(Extracted records)
□ □ □ □ □ □ □
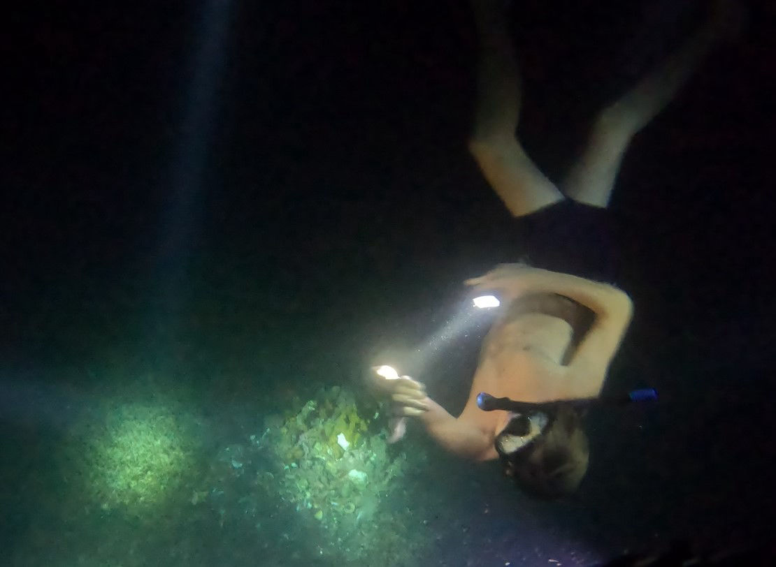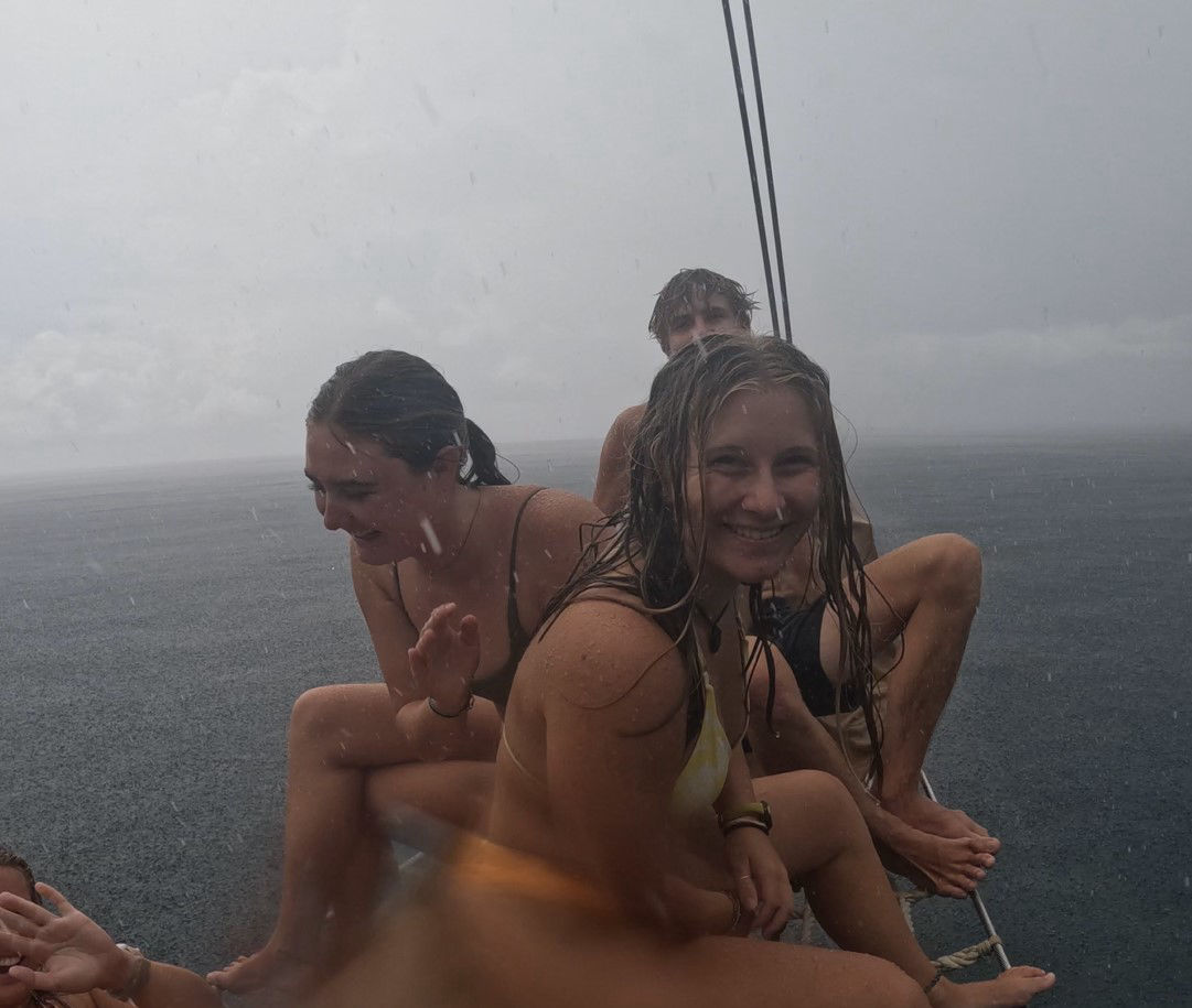 Lunch was delayed a little due to a rainstorm and an impromptu swim to the beach. Some enjoyed the time for an extra fresh water rinse, while others opted to use it as “spa time.” I’ve heard the black sand on the beach is an excellent exfoliator. With nice rejuvenated skin, we made the swim back to the boat for some stir-fried rice to fuel everyone through an afternoon of classes and passage prep. I had a review session for an upcoming marine biology exam, and Heather taught a class about the gases and nutrients in the ocean. As everyone was learning all the tasks involved in passage prep, the boat was quickly prepared for our sail tomorrow, and the crew enjoyed some free time before dinner and their night snorkel on the reef. As I’m writing this blog, I can hear them yelling about the octopus, so I think they have found our friends from this morning again.
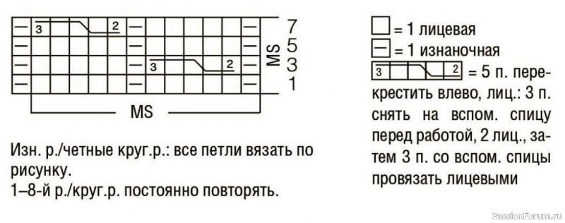 Вязать согласно схеме. На ней даны лицевые/ нечетные круговые ряды, в изнаночных/ четных круговых рядах все петли вязать по рисунку.
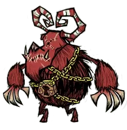 当你的邪恶等级达到最高时会出现(背景噪音会提示你当前等级,声音越大,等级越高),它会拾取地面上看到的所有物品。在没有护甲的情况下,攻击你会造成50点伤害,如果你没有护甲,避免召唤它。它的攻击速度很快,所以最好扛住攻击或者一击后闪避。 不过,这个敌人有1%的概率掉落【Krampus Sack(坎普斯背包)】,这是游戏中最好的背包,不会被烧毁,并且可以存放非常多的物品。克劳斯也会召唤这个敌人,它们会立即攻击你。当数量很多时,使用潘笛让克劳斯和坎普斯入睡,然后逐个击杀它们。 电山羊 700
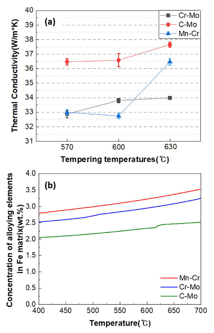 변화와 Fe 기지내 고용되어 있는 합금원소의 농도를 열역학으로 계산한 결과이다. 그림 12(a)에서 각 합금은 모두 템퍼링 온도가 높아짐에 따라 합금의 미세조직은 템퍼링에 의해 탄화물이 석출되면서 기지조직인 페라이트의 열전도도는 높아지고 있다[36]. Cr-Mo 합금은 570 °C에서 600 °C로 증가하면서 열전도도가 높아지고 있으나, 630 °C까지는 큰 변화가 없었다. 그러나 Mn-Cr
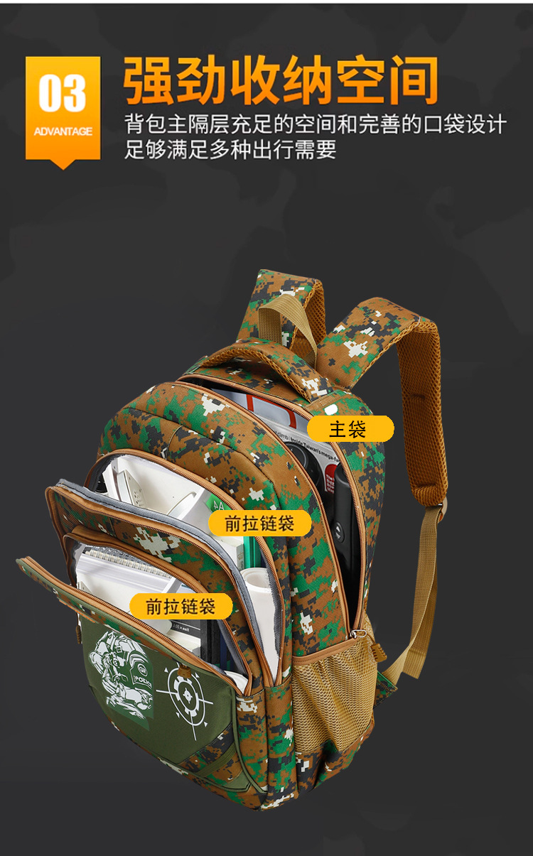 국경 간 위장 닭 3 단계 가방 초등학생 배낭 위장 어린이 책가방 남성 1-3-6 학년 배낭
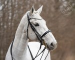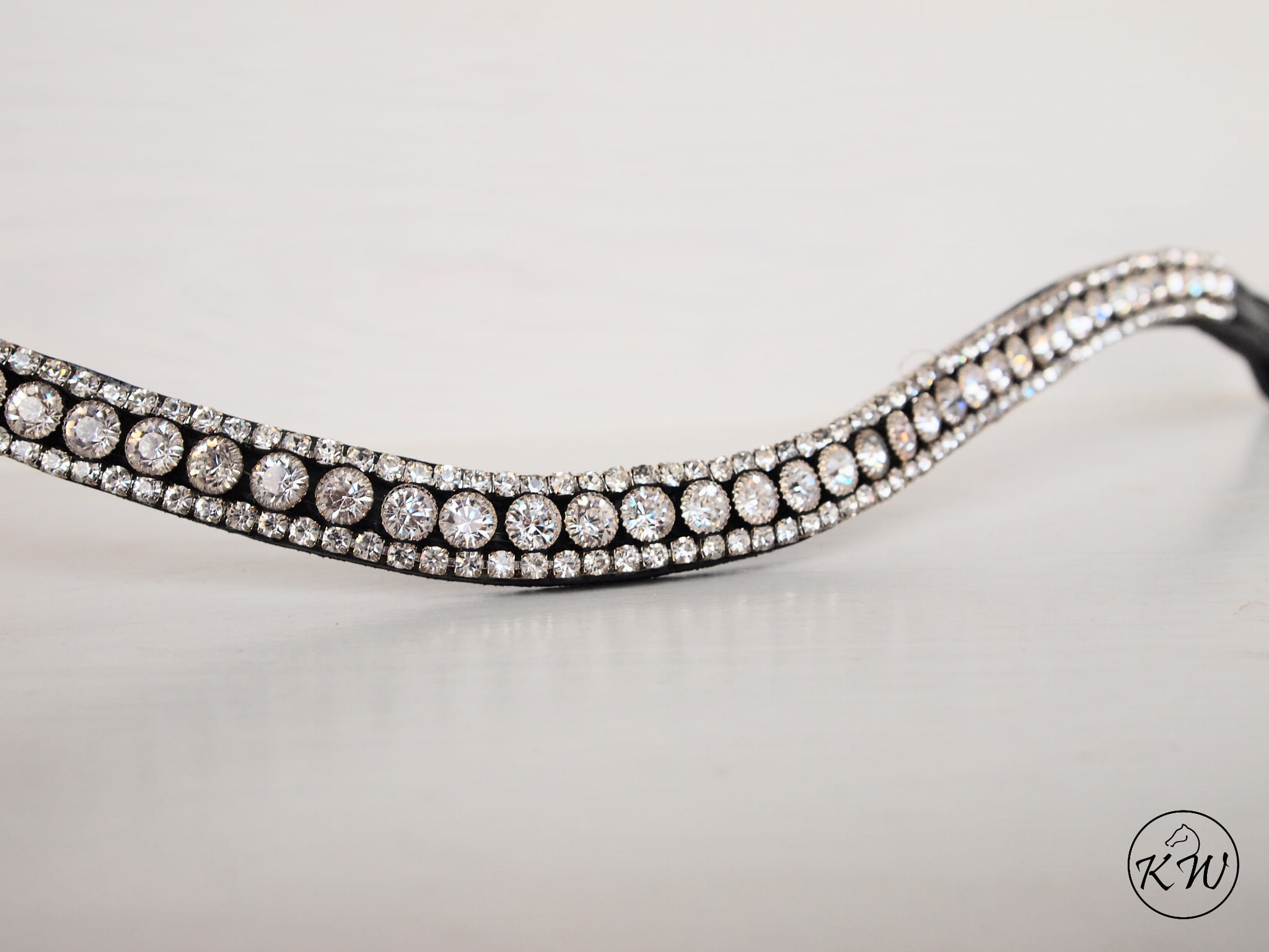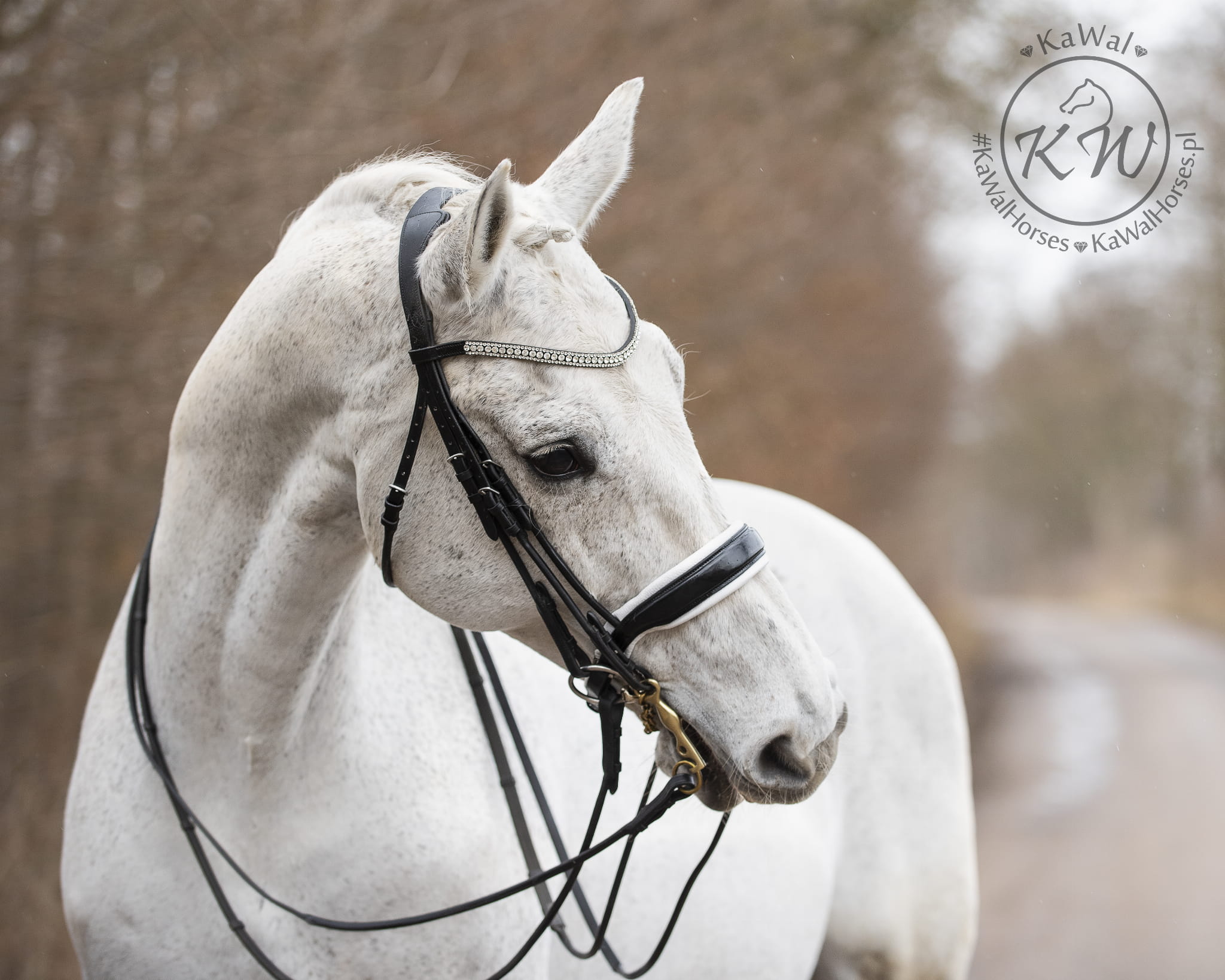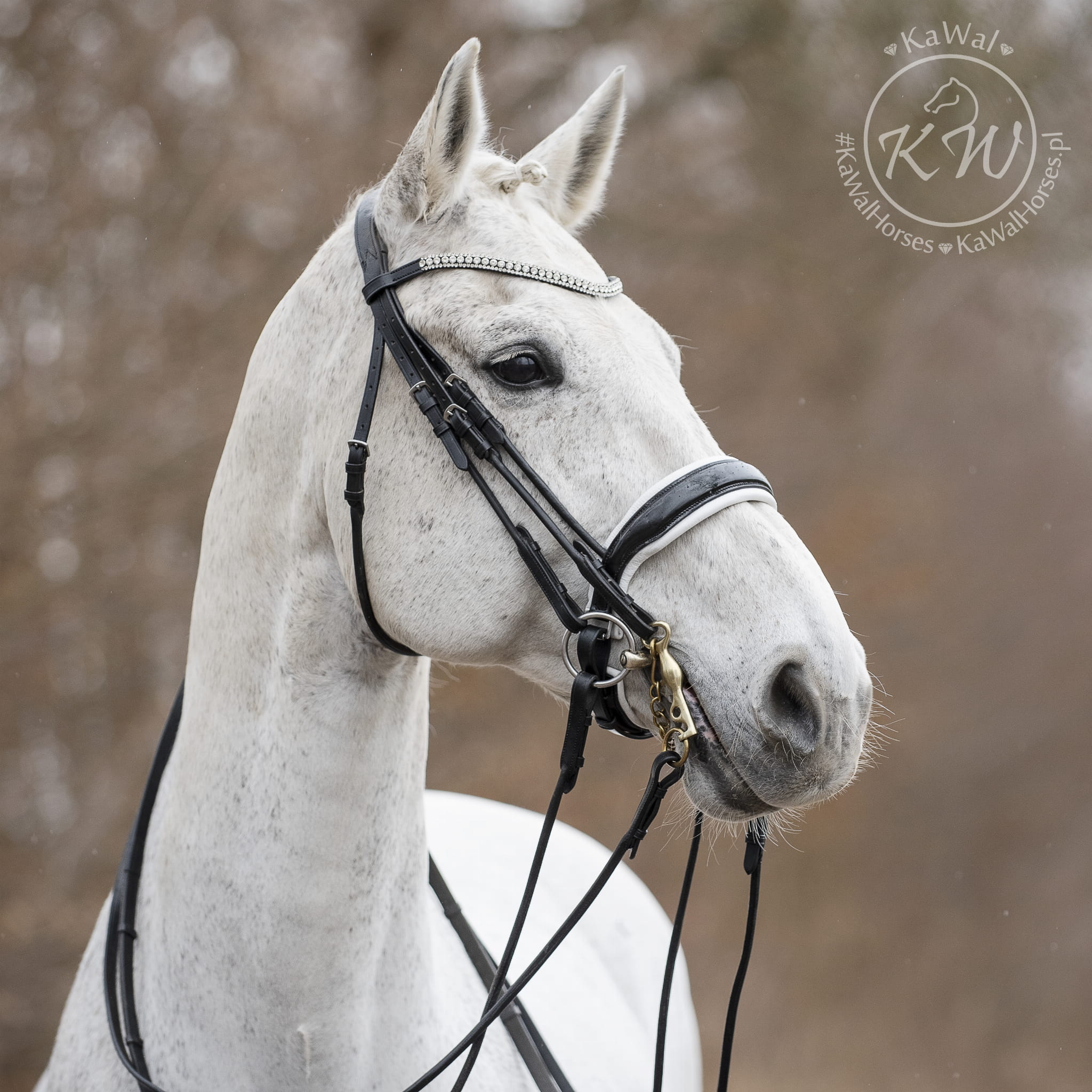 Rurkowe ogłowie munsztukowe z szerokim, lakierowanym nachrapnikiem, miękko podszytym białą skórą. Mocno opadający naczółek ozdobiony został trzema rzędami białych, bardzo błyszczących kryształków Ogłowie posiada szeroką, profilowaną, miękko podszytą, anatomiczną część potyliczną, zaprojektowana specjalnie dla koni bardzo wrażliwych na ucisk w okolicy pierwszych kręgów szyjnych. Nagłówek posiada przerwę w środkowej części podszycia, leżącej nad kręgosłupem, co redukuje nacisk na potylicę.
□ □ □ □ □ □ □
• PROBLEM STATEMENT:
Full transcription without images: please go through the records and repeat them exactly.

• OUTPUT FOR THIS TASK:
 Lunch was delayed a little due to a rainstorm and an impromptu swim to the beach. Some enjoyed the time for an extra fresh water rinse, while others opted to use it as “spa time.” I’ve heard the black sand on the beach is an excellent exfoliator. With nice rejuvenated skin, we made the swim back to the boat for some stir-fried rice to fuel everyone through an afternoon of classes and passage prep. I had a review session for an upcoming marine biology exam, and Heather taught a class about the gases and nutrients in the ocean. As everyone was learning all the tasks involved in passage prep, the boat was quickly prepared for our sail tomorrow, and the crew enjoyed some free time before dinner and their night snorkel on the reef. As I’m writing this blog, I can hear them yelling about the octopus, so I think they have found our friends from this morning again.
 Вязать согласно схеме. На ней даны лицевые/ нечетные круговые ряды, в изнаночных/ четных круговых рядах все петли вязать по рисунку.
 当你的邪恶等级达到最高时会出现(背景噪音会提示你当前等级,声音越大,等级越高),它会拾取地面上看到的所有物品。在没有护甲的情况下,攻击你会造成50点伤害,如果你没有护甲,避免召唤它。它的攻击速度很快,所以最好扛住攻击或者一击后闪避。 不过,这个敌人有1%的概率掉落【Krampus Sack(坎普斯背包)】,这是游戏中最好的背包,不会被烧毁,并且可以存放非常多的物品。克劳斯也会召唤这个敌人,它们会立即攻击你。当数量很多时,使用潘笛让克劳斯和坎普斯入睡,然后逐个击杀它们。 电山羊 700
 변화와 Fe 기지내 고용되어 있는 합금원소의 농도를 열역학으로 계산한 결과이다. 그림 12(a)에서 각 합금은 모두 템퍼링 온도가 높아짐에 따라 합금의 미세조직은 템퍼링에 의해 탄화물이 석출되면서 기지조직인 페라이트의 열전도도는 높아지고 있다[36]. Cr-Mo 합금은 570 °C에서 600 °C로 증가하면서 열전도도가 높아지고 있으나, 630 °C까지는 큰 변화가 없었다. 그러나 Mn-Cr
 국경 간 위장 닭 3 단계 가방 초등학생 배낭 위장 어린이 책가방 남성 1-3-6 학년 배낭
 Rurkowe ogłowie munsztukowe z szerokim, lakierowanym nachrapnikiem, miękko podszytym białą skórą. Mocno opadający naczółek ozdobiony został trzema rzędami białych, bardzo błyszczących kryształków Ogłowie posiada szeroką, profilowaną, miękko podszytą, anatomiczną część potyliczną, zaprojektowana specjalnie dla koni bardzo wrażliwych na ucisk w okolicy pierwszych kręgów szyjnych. Nagłówek posiada przerwę w środkowej części podszycia, leżącej nad kręgosłupem, co redukuje nacisk na potylicę.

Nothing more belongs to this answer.